Im Zustand der Verblendung und eines Mangels an Erleuchtung sich zu befinden, bedeutet im menschlichen Falle Folgendes: Die hungrigen Geister [und durstgequälten Gespenster] su­chen die Lust des verkörperten Da­seins zu Lasten von ihresgleichen und übersehen dabei, dass sie das, was sie einander antun, auf geheimnisvolle Weise sich selbst antun. Sie schaffen sowohl anderen als auch sich selbst die Leiden der Welt, die ebenfalls etwas Typisches haben. Bei aller Zweckmä­ßigkeit, nach der diese Geister handeln und gestaltend wirken, sie sehen die Not, die sie sich selbst und andern schaffen, nicht voraus. Das typische Defizit ihrer meist nur wenig bewussten Zwecksetzung [„sie wissen nicht recht, was sie sich antun“] ist der Mangel an Vorausschau bezüglich der sich weit verzweigenden Konsequenzen ihrer oft un­heil­schwange­ren Tätigkeit. Das hängt sicherlich damit zusammen, dass sie so daseins- und ges­taltungs­hungrig am Augenblick kleben. Die äußerst selektiv wahrgenommene Gegenwart ist eine „mächtige Königin“, der sie anhängen und „anhaften“. Sie sitzen zunächst startbereit auf dem Sprung und möchten nicht allzu viel von „weiteren Konsequenzen“ hören, um Ener­gie und Tatkraft nicht zu gefährden. Aber letztlich, verstrickt in unvorhergesehene Nöte, er­leiden sie die Leiden der Welt und schmachten nach Erlösung. Unsere zunächst so hungrigen, durs­tigen, stark verblendeten Geister verfallen in Katerstimmung und erkennen die selbst ge­schaf­fene Not. Das wird so schlimm, dass sie nicht mehr ruhig schlafen können.

 

Einfache, unschuldige Genüsse sind dann die letzte Zuflucht komplizierter Wesen, sich au­ßergewöhnliche Empfindungen zu verschaffen.
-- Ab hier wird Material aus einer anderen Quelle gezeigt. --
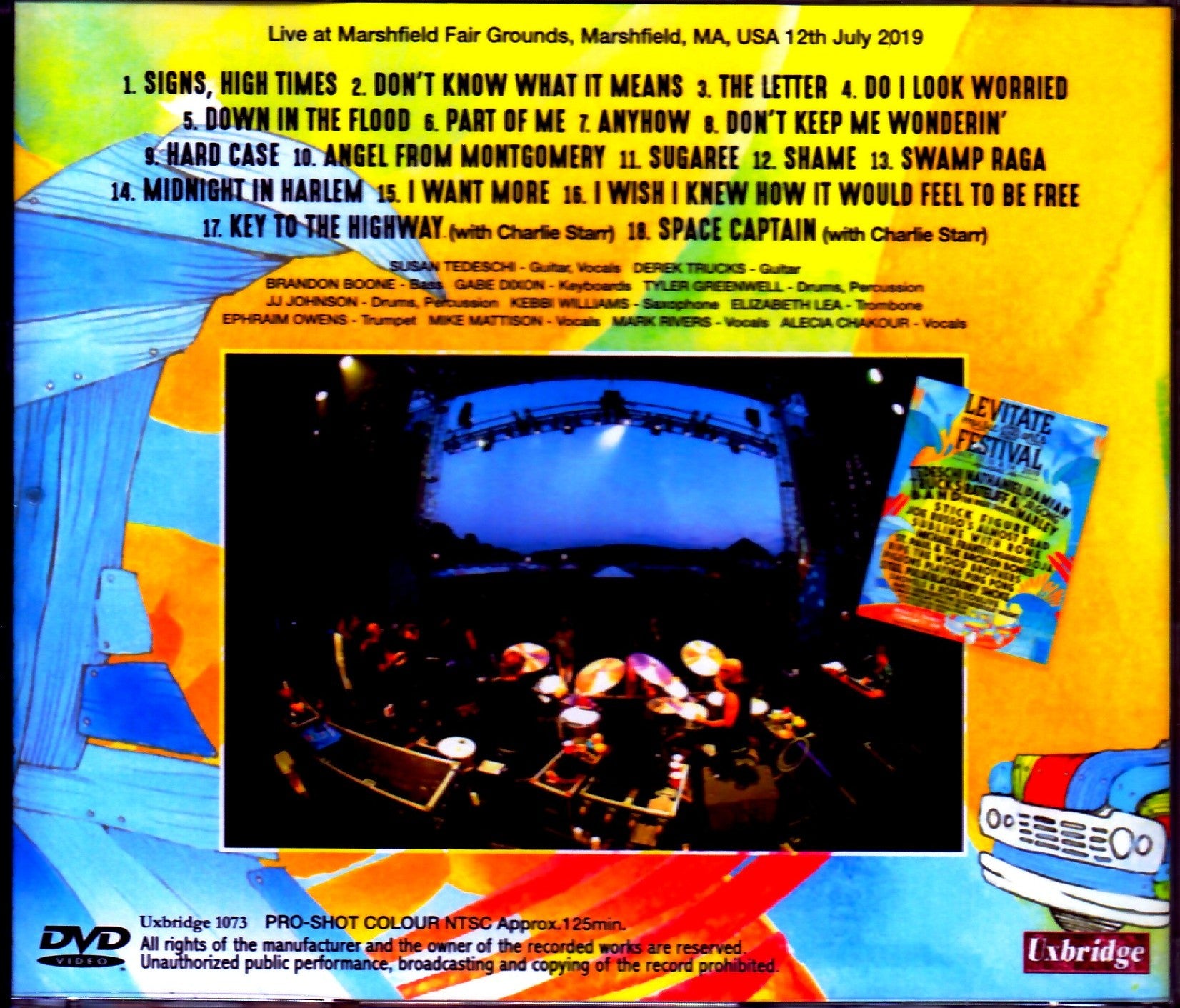 TEDESCHI TRUCKS BAND has fresh memories of their recent performance in Japan. Introducing the latest professional shots that will transform your short-term memory into solid memories. This work includes “Mansfield performance on July 12, 2019”. This is a multi-camera professional shot taken when he appeared at the music festival "LEVITATE MUSIC & ARTS FESTIVAL" in his home country of America. Before we get into the details, let's start with the show's position. Let's check it out in the context of the entire world tour, including the recent performance in Japan. ●2019, January 17th - March 2nd: North America #1 (23 performances) [SIGNS released on February 15th], April 2nd - 27th: Europe (17 performances), May 10th -25th: North America# 2 (12 performances) ・June 11th - 16th: Japan (5 performances) ・June 28th - August 24th: North America #3 (28 performances) ←★Coco★・September 27th - October 5th Sun: North America #4 (6 performances in NY)・November 6th-16th: North America #5 (8 performances) ●February 1st, 2020: London performance This is the schedule announced so far. The 2020 shows are already being decided. They are a band that primarily plays in North America, with a style that includes Japan and Europe in between. In 2019, the circuit will be divided into four major parts in North America. Under such circumstances, the Mansfield performance of this work was immediately after the performance in Japan. This was the 9th concert of "North America #3". This show was streamed live as it was a large-scale festival in their home country, and this work is a DVD version of that webcast. For this reason, the neatly arranged sound mix, the image quality that fully utilizes the latest digital technology, and the camera work that knows the key points are all impregnable. It can only be called completely official quality, and it would not be strange at all to make this work a bonus disc and call it a tour edition of "SIGNS"... No, in fact, it is a super superb multi-camera professional that I would definitely like to see. It's a shot. The perfect professional shot that can only be described as ``Just watch it!'' is a vivid depiction of that passionate performance only right after the Japan performance. In fact, “LEVITATE MUSIC & ARTS FESTIVAL” is an outdoor venue, and the TEDESCHI TRUCKS BAND performance was still high in the sun. Although the bright scene was different from the Japanese performance, the blazing blues rock was unmistakably the same as the enthusiastic performance I saw last month. Because of the multi-camera system, there are plenty of close-ups of each member and Derek's hands, and as the show progresses and the night gets darker, last month's scene finally flashes back to my mind. And what stirs up this feeling is a group of famous songs that I have heard even in Japan. We have analyzed and introduced the set in the Japan performance live album, but for comparison, let's organize it in the same style. ●REVELATOR (1 song)・Midnight in Harlem ●MADE UP MIND (2 songs)・Do I Look Worried, Part of Me ●LET ME GET BY (3 songs)・Don't Know What It Means, Anyhow, I Want More ●SIGNS/HIGH & MIGHTY (3 songs)・Signs, High Times, Hard Case, Shame ●Cover and others (8 songs)・The Letter (THE BOX TOPS), Down in the Flood (Bob Dylan), Don't Keep Me Wonderin' (THE ALLMAN BROTHERS BAND), Angel From Montgomery/Sugaree (John Prine/GRATEFUL DEAD), Swamp Raga (THE DEREK TRUCKS BAND), I Wish I Knew How It Would Feel to Be Free (Billy Taylor), Key to the Highway (blues standard), Space Captain (Joe Cocker) *Original artists are in parentheses ...and it looks like this. The TEDESCHI TRUCKS BAND changes every day, so it is different from any show in Japan, but the balance is different, but there are plenty of famous songs and covers that could be heard in the Japan performance. Among them, three songs were not performed in Japan. The famous song “Anyhow” from “LET ME GET BY,” “Swamp Raga,” which was also the song of Derek’s “ALREADY FREE,” and the Billy Taylor (or rather, Nina Simone) cover “I Wish I Knew How It.” “Would Feel to Be Free” will also be performed. No matter how many shows I watch, I can't help but wonder, "What's next?" You can fully enjoy the real pleasure of TEDESCHI TRUCKS BAND. Guest participation is also special. Don Was appeared at last month's Tokyo performance, but on this day Charlie Star of BLACKBERRY SMOKE participated. They co-starred in the last songs ``Key to the Highway'' and ``Space Captain.'' TEDESCHI TRUCKS BAND, the strongest live band of today. This is an official multi-camera pro shot where you can fully experience the latest stage for 2 hours. It's a video that cements the memory of the performance in Japan that just ended, but more than that, this work itself is a musical work that is equal to or better than "SIGNS". This is the 2019 definitive album that we fully recommend to those who experienced the live stage performance last month, as well as those who have not. Marshfield Fair Grounds, Marshfield, MA, USA 12th July 2019 PRO-SHOT 1. Signs, High Times 2. Don't Know What It Means 3. The Letter 4. Do I Look Worried 5. Down in the Flood 6. Part of Me 7. Anyhow 8. Don't Keep Me Wonderin' (with Gabe Dixon) 9. Hard Case 10. Angel From Montgomery 11. Sugaree 12. Shame 13. Swamp Raga 14. Midnight in Harlem 15. I Want More 16. I Wish I Knew How It Would Feel to Be Free 17. Key to the Highway (with Charlie Starr) 18. Space Captain PRO-SHOT COLOR NTSC Approx.125min.
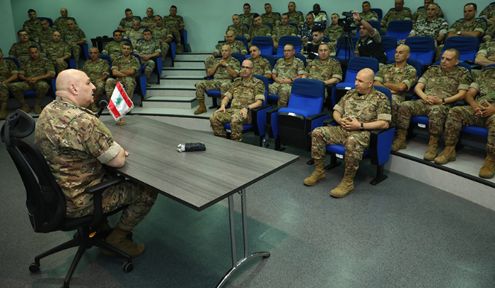 أضاف: "لا يزال لبنان متماسكا بفضل إيمانكم بقدسية المهمة، ولا تزال الدول الصديقة تمد يد العون للجيش. إن ثقة اللبنانيين والمجتمع الدولي بالمؤسسة العسكرية لم تأت من فراغ، بل هي نتيجة مباشرة لإنجازاتكم. لذا، ينبغي الحفاظ عليها بأي ثمن. لقد أثبتم مع رفاقكم في بقية الوحدات جدارتكم وكفاءتكم خلال السنوات الثلاث الماضية المليئة بالتحديات. سيذكر التاريخ أنكم أنقذتم لبنان وحققتم إنجازات كبيرة بالإمكانات القليلة المتوافرة".
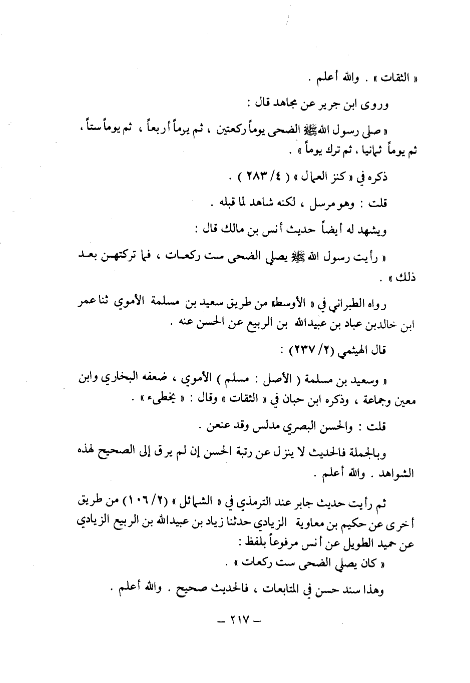ويشهد له أيضاً حديث أنس بن مالك قال: " رأيت رسول الله صلى الله عليه وسلم يصلى الضحى ست ركعات , فما تركتهن بعد ذلك". رواه الطبرانى فى " الأوسط " من طريق سعيد بن مسلمة الأموى حدثنا عمر بن خالد بن عباد بن عبيد الله بن الربيع عن الحسن عنه.
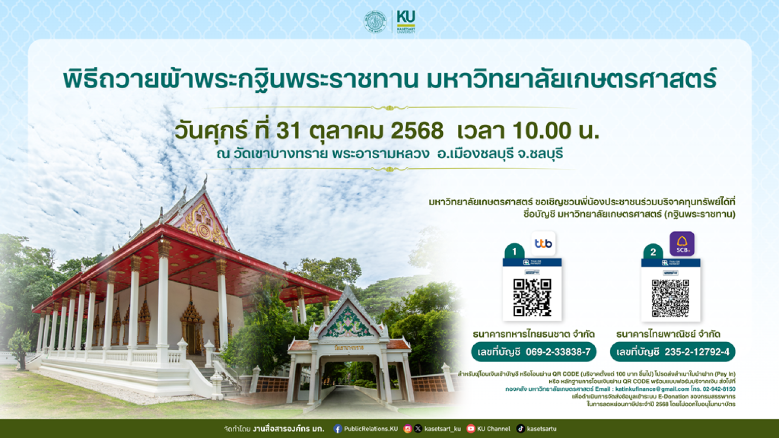 มหาวิทยาลัยเกษตรศาสตร์ ได้รับพระมหากรุณาธิคุณ จากพระบาทสมเด็จพระเจ้าอยู่หัว ทรงพระกรุณาโปรดเกล้า ฯ พระราชทานผ้าพระกฐิน ประจำปี 2568 ให้มหาวิทยาลัยเกษตรศาสตร์ น้อมนำไปถวาย ณ พระอารามหลวง วัดเขาบางทราย อำเภอเมือง จังหวัดชลบุรี ในวันศุกร์ที่ 31 ตุลาคม พ.ศ.2568 เวลา10.00 น.
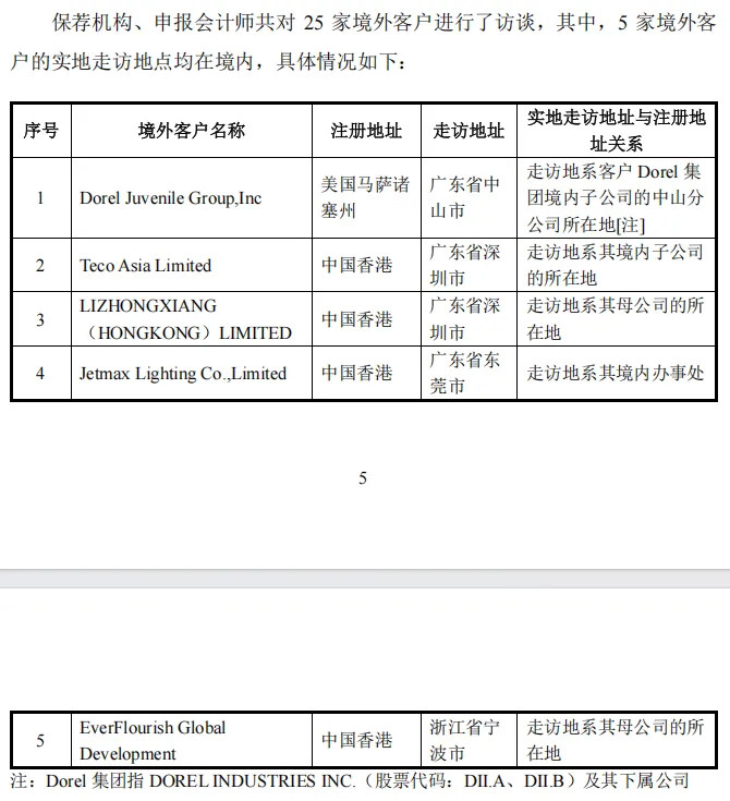 对于DorelJuvenileGroup,Inc.等五家境外客户的境内走访,中介机构的核查逻辑并非简单依据法律注册地,而是聚焦于实际业务对接环节。根据觅睿科技的说明,接受访谈的人员均是直接负责与觅睿科技日常联络、订单执行及沟通协调的关键人员。这些人员虽然隶属于境外客户的境内子公司、分公司或办事处,但其职权范围完全覆盖了与觅睿科技的合作事宜,对双方交易的历史、合同条款、物流结算及产品细节有着第一手的、深入的了解。
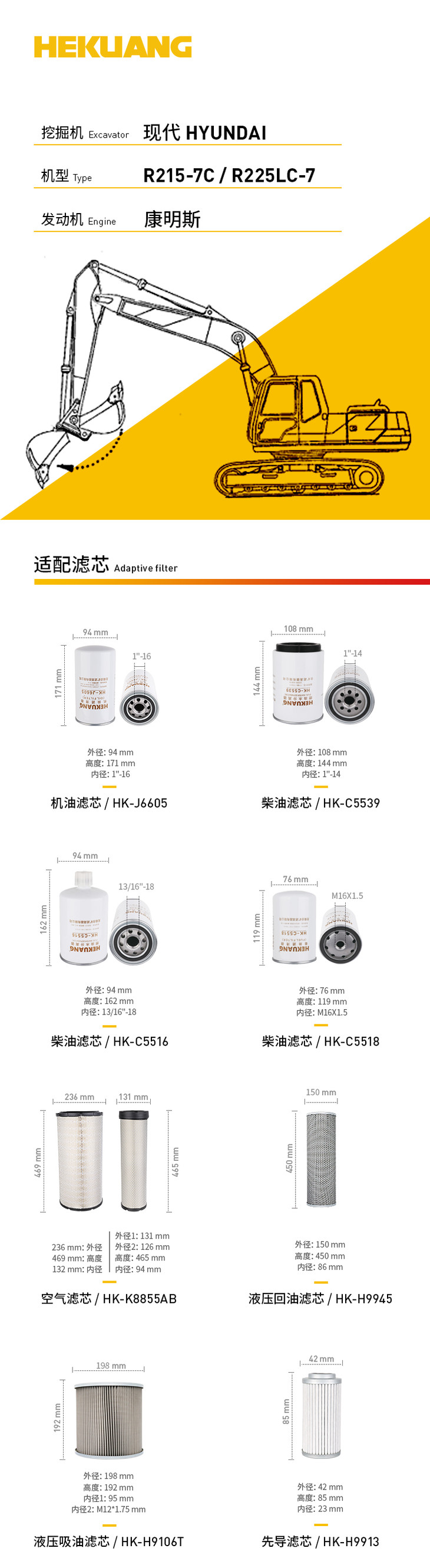 现代R215-7C、R225LC-7(康明斯)挖掘机滤芯 机油柴油空气滤芯 液压油先导滤芯
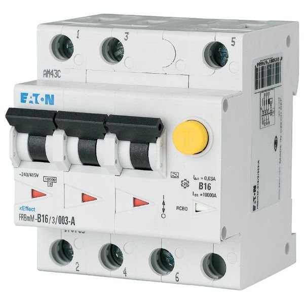RCD/MCB combination, 10 A, 100 mA, MCB trip characteristic: D, 3p, RCD trip characteristic: A |
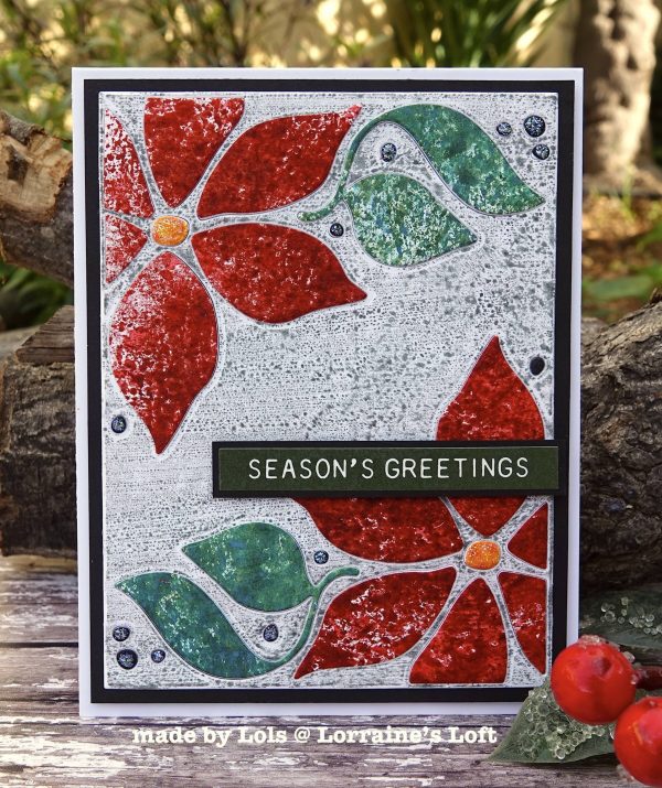 Lols made a Christmas card using a Simon Says Stamp Poinsettia Cover Die. For the background she swiped Tim Holtz Iced Spruce Distress Ink over a Craft Sheet and placed a piece of Distress Watercolor Paper in the ink. She used a similar technique for the reds and greens. She finished with a Tim Holtz Christmas Sentiment Sticker.
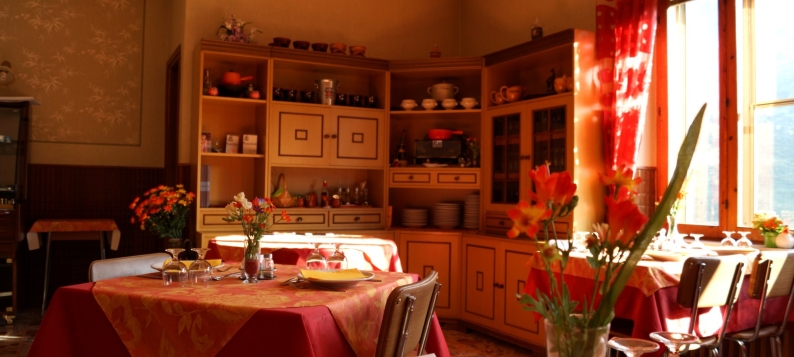 Possibilité de dormir en chambres 2-3-4 personnes avec vue sur l’ancienne route Napoléon.
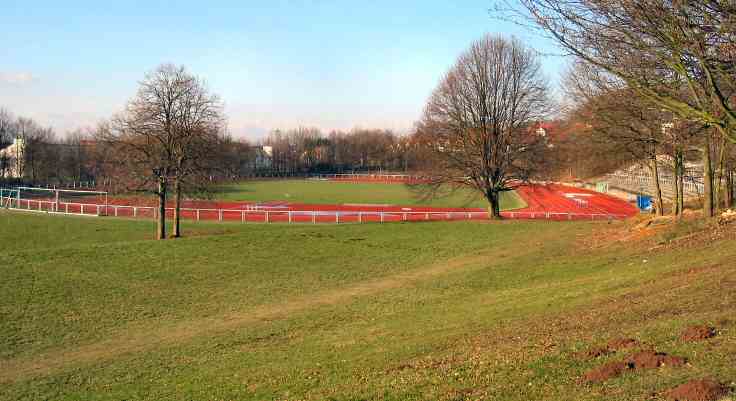 Die Tartanbahn des Infl im Januar 2006. Die Bahn und die davorliegende Wiese bieten die Jogging-Strecke, wenn es für den Hainberg aus den verschiedendsten Gründen nicht reicht. - Nach all den Jahren kennt mensch sich vom Vorbeilaufen. Sogar "richtige" Sportler sind anzutreffen: der Deutsche Meister im Zahnkampf, Herr Minah, und sein Trainer Geese, der Seniorenweltmeister im Zehnkampf. - Noch bin ich nicht der Konditionsärmste und Langsamste .... |

So O. Wilde, sehr treffend. Ruhigen Gewis­sens in einer einiger Maßen erträglichen Umgebung auf einer [Yoga-] Matte zu liegen, er­scheint ihnen [mit Se­neca] bereits als hohes Ziel. Und gar in einem schönen Garten zu sitzen und in einer distan­zierend meditativen Weise über den Lauf der Welt zu sinnen, geradezu als para­diesisches Glück.

 

Milden Sinnes wenden sie sich dann ab von der hektischen Impulsivität des ursprünglichen Verkörperungs- und Fortpflanzungsdrangs und sprechen das Lob der geläuterten Sitten und der apollinischen Künste. Darin erfahren sie, zumindest zeitweise, Zauber und Verwandlung.